Attwater’s prairie chickens inhabit the tall grass coastal prairies and have been slowly edged out by heavy grazing, farming and urban growth, but with the help of grants funded through donations to the Adopt-A-Prairie Chicken program, the birds are being successfully bred and released.
“The highly endangered Attwater’s prairie chicken is currently dependent on captive breeding programs for its continued survival in Texas,” said Mark Klym, Texas Parks and Wildlife Department’s coordinator of the Adopt-A-Prairie Chicken program.
Grants, which were selected from proposals by the Attwater’s prairie chicken Recovery Team, have been awarded as follows:
- The Fossil Rim Wildlife Center received a $12,000 grant for its Developing Additional Breeding Pens project.
- An $8,000 grant was awarded to the REV Project at Texas A&M University in College Station, where graduate student Ellen Collisson is developing a vaccine for the reticuloendotheliosis virus that has been significantly infecting the chickens.

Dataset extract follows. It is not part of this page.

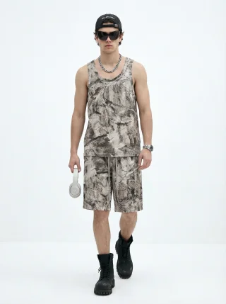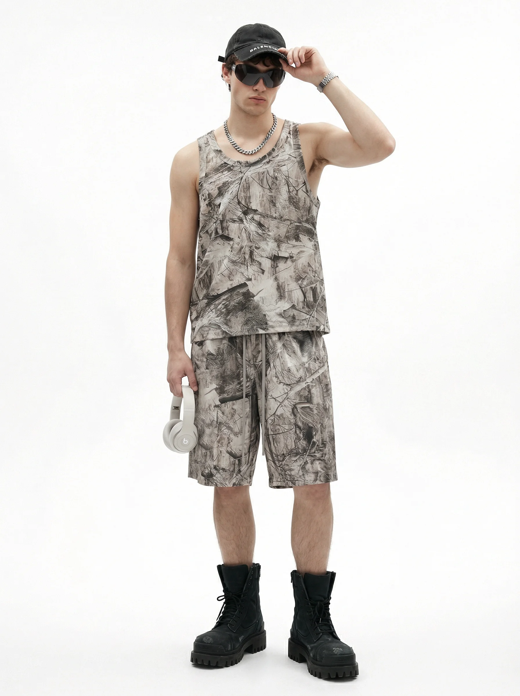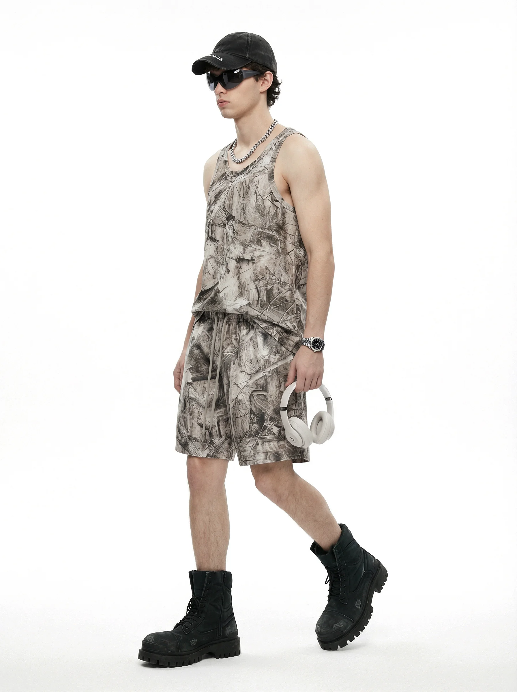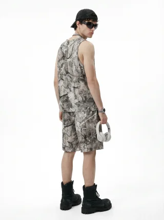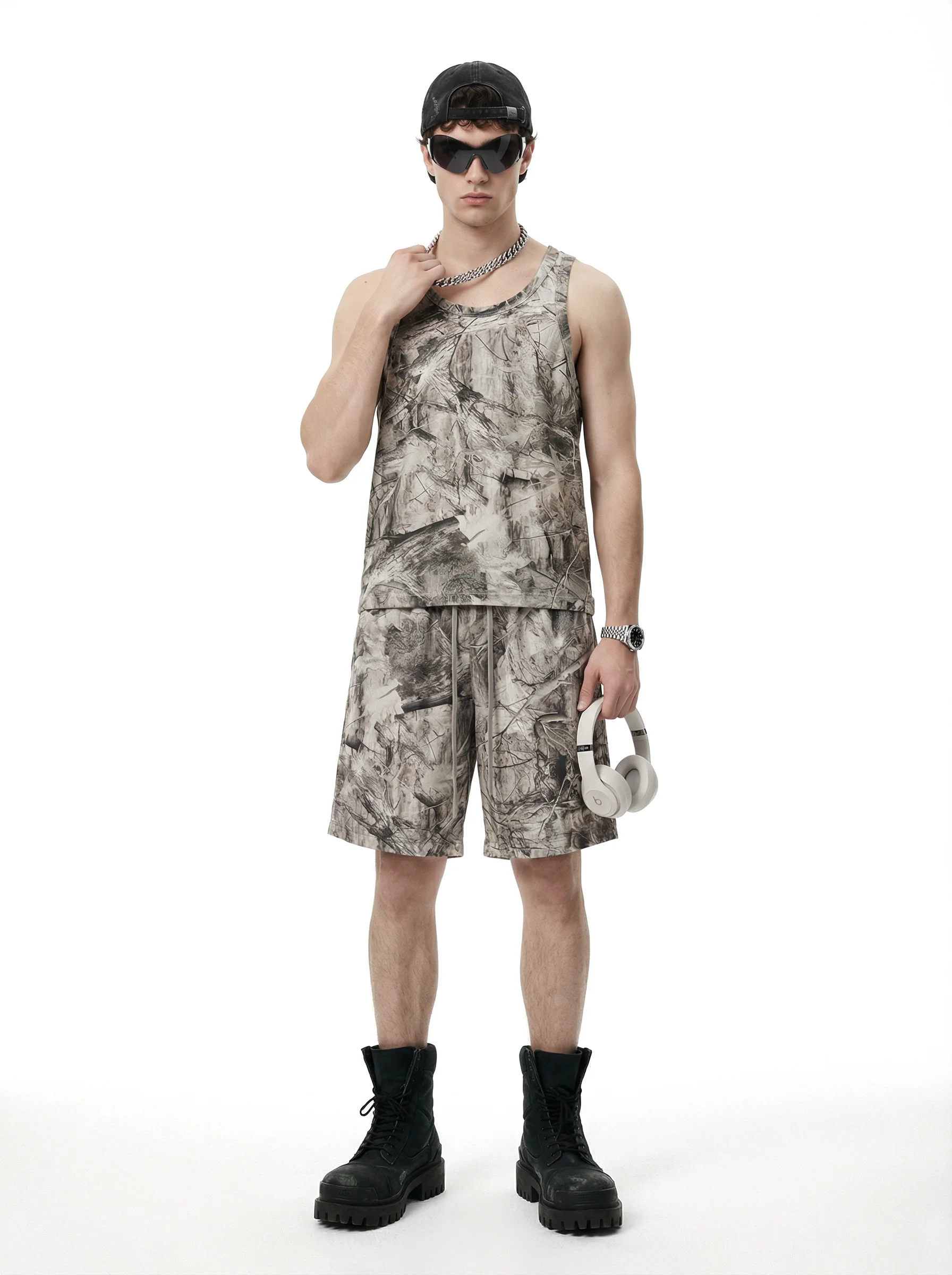 Made with 315GSM stretch rib fabric for strong elasticity, shape retention, and long-lasting color clarity. The fitted racerback cut highlights shoulder and arm lines, delivering a clean and athletic silhouette. Branch camo print enhances a military-inspired street look with sharp, durable heat-transfer detailing. Bound neckline with self-fabric edging ensures durability and comfort without deformation. Designed for active movement and daily styling — sporty, rugged, and easy to layer.

- A $600 grant was awarded to each of the following five zoos: the Houston Zoo, the San Antonio Zoo, Sea World San Antonio, the Caldwell Zoo in Tyler and the Abilene Zoo.
“The Adopt-A-Prairie Chicken program is a great way for people to get involved directly in the effort to conserve this highly endangered bird,” Klym said. “Reintroduction programs must work hand in hand with habitat restoration programs. Fossil Rim Wildlife Center has certainly been a leader in the reintroduction efforts.”
The number of chickens this year was about 40, with about 20 chickens at both the Attwater Prairie Chicken National Wildlife Refuge and the Texas City Prairie Preserve.
The birds are radio tagged and their progress tracked after their release. Klym said that captivity-bred birds are surviving in the wild at about the same rate as wild birds.
“We try to release as many as we can,” Klym said. “We ended up only releasing about 18 birds last year because of the REV infections at Fossil Rim. Usually we try to release between 100 and 150 birds each year.”